• Extracted entries:
········
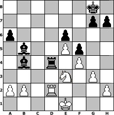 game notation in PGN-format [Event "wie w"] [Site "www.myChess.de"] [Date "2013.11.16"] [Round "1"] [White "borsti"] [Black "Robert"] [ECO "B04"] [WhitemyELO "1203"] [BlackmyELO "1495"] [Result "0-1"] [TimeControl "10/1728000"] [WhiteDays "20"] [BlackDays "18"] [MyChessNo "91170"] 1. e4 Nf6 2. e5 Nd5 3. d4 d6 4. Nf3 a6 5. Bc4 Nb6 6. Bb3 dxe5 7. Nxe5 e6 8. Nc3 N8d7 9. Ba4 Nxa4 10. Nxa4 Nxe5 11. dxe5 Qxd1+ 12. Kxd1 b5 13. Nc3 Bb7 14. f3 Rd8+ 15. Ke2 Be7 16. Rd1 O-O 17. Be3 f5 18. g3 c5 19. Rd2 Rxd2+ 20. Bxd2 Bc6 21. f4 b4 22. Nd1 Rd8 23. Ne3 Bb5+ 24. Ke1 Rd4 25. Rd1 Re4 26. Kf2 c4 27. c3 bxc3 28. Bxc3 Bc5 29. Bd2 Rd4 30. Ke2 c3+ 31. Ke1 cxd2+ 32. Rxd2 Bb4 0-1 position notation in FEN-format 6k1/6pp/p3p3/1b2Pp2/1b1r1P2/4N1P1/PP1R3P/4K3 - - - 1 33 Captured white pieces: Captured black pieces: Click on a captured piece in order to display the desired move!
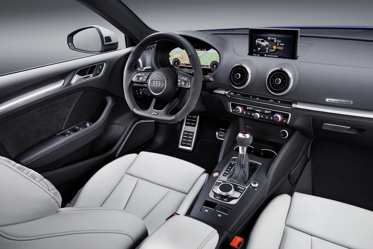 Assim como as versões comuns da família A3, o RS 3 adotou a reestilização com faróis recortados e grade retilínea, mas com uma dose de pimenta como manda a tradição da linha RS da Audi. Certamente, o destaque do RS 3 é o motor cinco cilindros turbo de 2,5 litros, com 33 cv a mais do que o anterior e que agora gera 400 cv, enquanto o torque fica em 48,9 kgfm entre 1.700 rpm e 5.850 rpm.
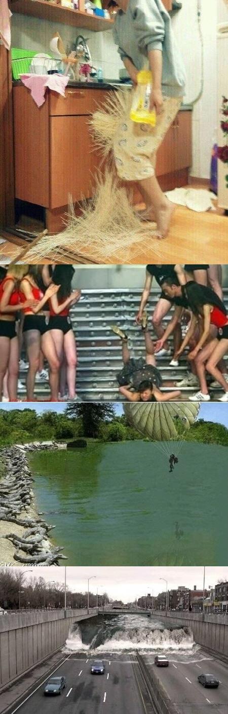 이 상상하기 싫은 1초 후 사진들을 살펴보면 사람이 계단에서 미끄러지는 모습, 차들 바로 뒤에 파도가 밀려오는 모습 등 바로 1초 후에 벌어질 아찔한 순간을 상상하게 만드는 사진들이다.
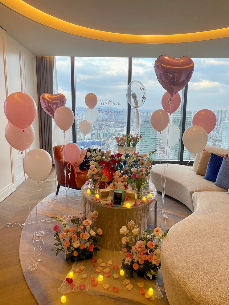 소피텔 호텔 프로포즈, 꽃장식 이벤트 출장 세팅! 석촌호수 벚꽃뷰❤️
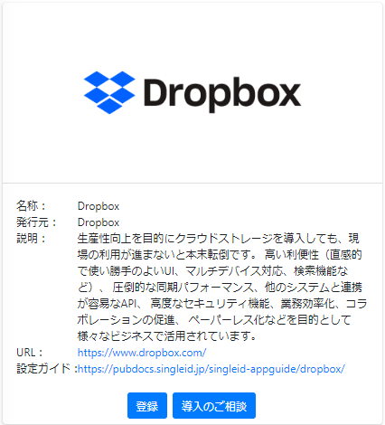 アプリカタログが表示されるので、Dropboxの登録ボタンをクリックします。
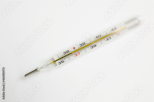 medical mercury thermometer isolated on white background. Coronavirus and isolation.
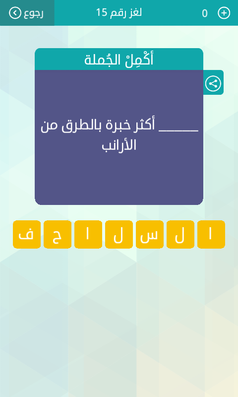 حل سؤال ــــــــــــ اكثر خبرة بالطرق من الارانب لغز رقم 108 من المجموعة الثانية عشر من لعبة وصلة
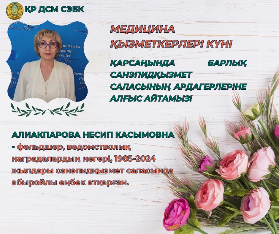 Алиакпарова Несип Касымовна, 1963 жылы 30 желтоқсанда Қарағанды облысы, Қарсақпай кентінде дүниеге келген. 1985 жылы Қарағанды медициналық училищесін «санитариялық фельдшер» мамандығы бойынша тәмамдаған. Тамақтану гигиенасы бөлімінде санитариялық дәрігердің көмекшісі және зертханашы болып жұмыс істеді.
········
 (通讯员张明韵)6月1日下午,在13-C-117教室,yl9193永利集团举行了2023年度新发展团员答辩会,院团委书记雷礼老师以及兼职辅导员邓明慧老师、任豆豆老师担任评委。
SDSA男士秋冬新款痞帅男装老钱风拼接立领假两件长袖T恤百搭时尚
········
• What needs to be done: Return exactly the stretch above whose first line contains "Assim como as" and whose last line contains "Алиакпарова Несип Касымовна, 1963", and nothing outside it. The pictures should not appear.

• Exercise output:
 Assim como as versões comuns da família A3, o RS 3 adotou a reestilização com faróis recortados e grade retilínea, mas com uma dose de pimenta como manda a tradição da linha RS da Audi. Certamente, o destaque do RS 3 é o motor cinco cilindros turbo de 2,5 litros, com 33 cv a mais do que o anterior e que agora gera 400 cv, enquanto o torque fica em 48,9 kgfm entre 1.700 rpm e 5.850 rpm.
 이 상상하기 싫은 1초 후 사진들을 살펴보면 사람이 계단에서 미끄러지는 모습, 차들 바로 뒤에 파도가 밀려오는 모습 등 바로 1초 후에 벌어질 아찔한 순간을 상상하게 만드는 사진들이다.
 소피텔 호텔 프로포즈, 꽃장식 이벤트 출장 세팅! 석촌호수 벚꽃뷰❤️
 アプリカタログが表示されるので、Dropboxの登録ボタンをクリックします。
 medical mercury thermometer isolated on white background. Coronavirus and isolation.
 حل سؤال ــــــــــــ اكثر خبرة بالطرق من الارانب لغز رقم 108 من المجموعة الثانية عشر من لعبة وصلة
 Алиакпарова Несип Касымовна, 1963 жылы 30 желтоқсанда Қарағанды облысы, Қарсақпай кентінде дүниеге келген. 1985 жылы Қарағанды медициналық училищесін «санитариялық фельдшер» мамандығы бойынша тәмамдаған. Тамақтану гигиенасы бөлімінде санитариялық дәрігердің көмекшісі және зертханашы болып жұмыс істеді.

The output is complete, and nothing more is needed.